States' Rights Aren't the Enemy in Gay Marriage Battle


President Barack Obama came out Wednesday not only as a supporter of gay marriage, but also as a Tenther!

No, not really. He did say that he believes individual states have the right to set their own policies on recognizing gay marriages. His sudden acknowledgment of states' rights certainly comes as a surprise to anybody who has been following his administration's abominable behavior with regard to legalized medical marijuana. Cynicism is perhaps the appropriate response from any libertarian.

But I'm much more fascinated by the response of the generally progressive gay and lesbian community to any invocation of states' rights. Even though pretty much every gain in recognition of gay marriage has taken place on the state level, the Tenth Amendment is still frequently seen on the left as an excuse for cranky right-wing secessionists to try to force schools to teach creationism. Advice columnist Dan Savage declared Obama's transition on gay marriage not quite complete because of his deference to the states on actual policies.

In 2010, Judge Joseph Tauro of the federal District Court of Massachusetts ruled in Massachusetts vs. U.S. Dept. of Health and Human Services that the federal Defense of Marriage Act was an unconstitutional violation of the Tenth Amendment (decision here [pdf]). In response, Jack Balkin, Knight Professor of Constitutional Law and the First Amendment at Yale, warned: "As much as liberals might applaud the result, they should be aware that the logic of his arguments, taken seriously, would undermine the constitutionality of wide swaths of federal regulatory programs and seriously constrict federal regulatory power." (This is the part where libertarians yell, "That's a feature, not a bug!")

Balkin believes Tauro's decision can't possibly stand, and he may ultimately be right, given the general deference to federal authority that has become the hallmark of the Supreme Court.

But you win zero percent of the fights you don't have.

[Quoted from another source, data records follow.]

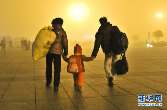 1月30日,一家三口在大雾中走出江苏徐州火车站。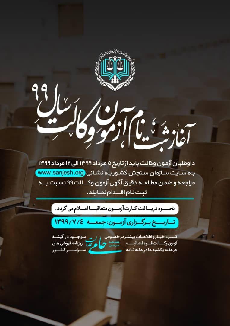 علاقه مندان به شرکت در این آزمون می توانند با مراجعه به پایگاه sanjesh.org ضمن مطالعه دقیق آگهی آزمون وکالت ۹۹ نسبت به ثبت نام اقدام نمایند؛ نحوه دریافت کارت آزمون نيز متعاقبا اعلام می گردد.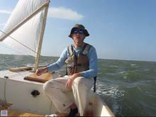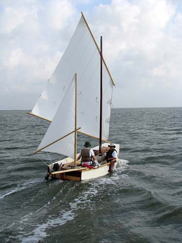 The design, a prototype, was drawn up by Jim Michalak upon request of Mike ________ for an enlarged Pickup Pram, one of Jim’s first designs, well proven for years. Hence the name Mikesboat. I chose this design over Family Skiff because it could sleep 3 with a minor modification and I hoped to get both Paul and younger son Sean, to go along. Paul did so, but Sean went to China and India on a college trip instead. As much fun as we had sailing, Sean probably had the better trip!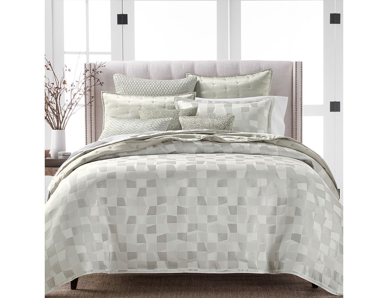 Hudson Park Collection Facets Duvet Cover Set, King, Light Gray

States' rights have been vital in allowing gay marriage victories, not just losses. The federal Defense of Marriage Act was signed into law under President Bill Clinton in 1996, forbidding the federal government from recognizing same sex marriages. Yet, since the law's passage, six states and the District of Columbia have gone on to allow for legal recognition of gay marriages anyway (and two others may join them this year). Regardless of federal law, states are carving out their own language of what constitutes a marriage (or civil union, or domestic partnership), and this has resulted in more recognition for gays, not less.

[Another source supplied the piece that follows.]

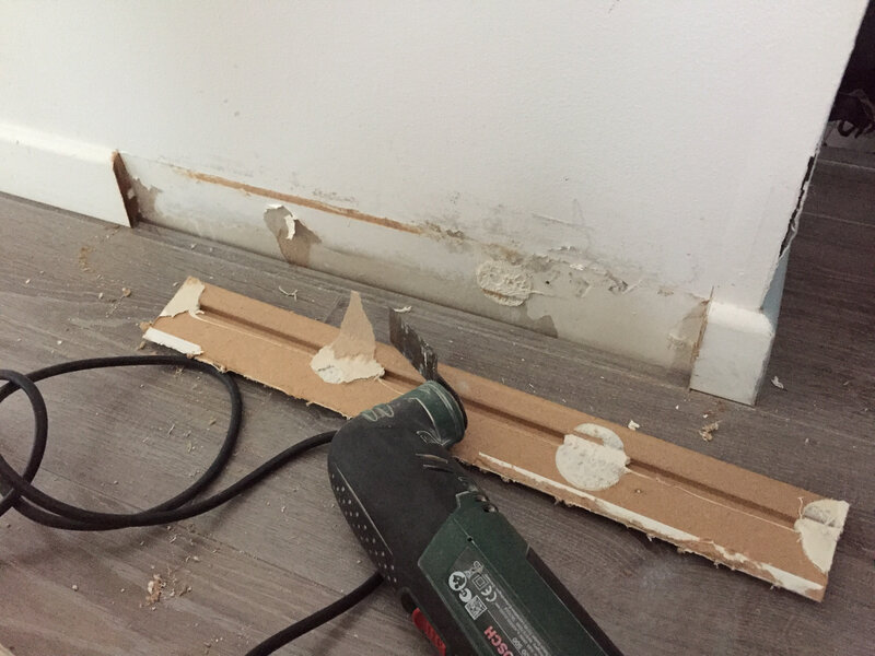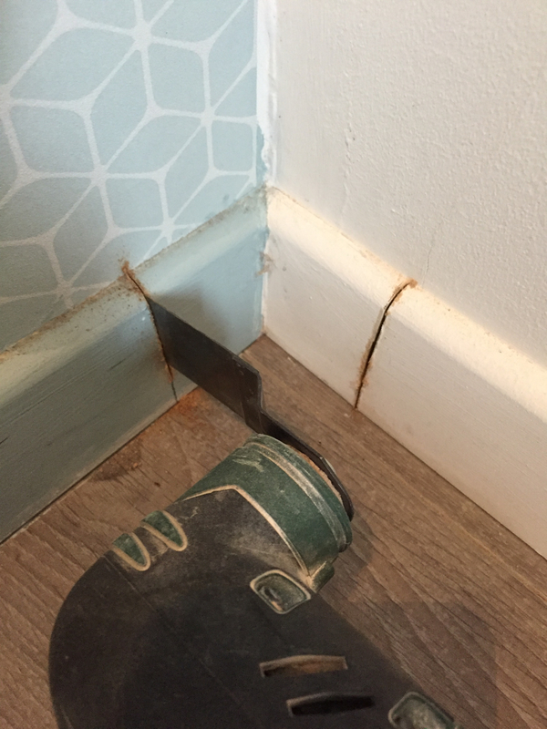 Pour pouvoir appliquer le caisson et le poteau contre le mur je découpe la plinthe à l’outil vibrant.

Fighting on the state level for gay marriage recognition is mandatory because of how slow and conservative (in temperament, not necessarily political philosophy) the federal government often is. By the time the Supreme Court actually struck down anti-miscegenation laws in 1967, they had already been repealed in all but 17 states. Many states had already struck down sodomy laws by the time the Supreme Court ruled them unconstitutional in 2003. Even though four out of five Americans had decided by 2010 that prohibiting gays from serving openly in the military was stupid, it took a tremendous amount of political maneuvering to actually end the Don't Ask, Don't Tell policy, and some Republican presidential candidates swore they would bring it back if elected in 2012. Federal government is slow. Federal government doesn't lead, no matter how much progressives wish it would. It follows the flow of the public, and so Obama's "evolution" is not particularly unusual any more than it is for the rest of America to be slowly coming around in support as well.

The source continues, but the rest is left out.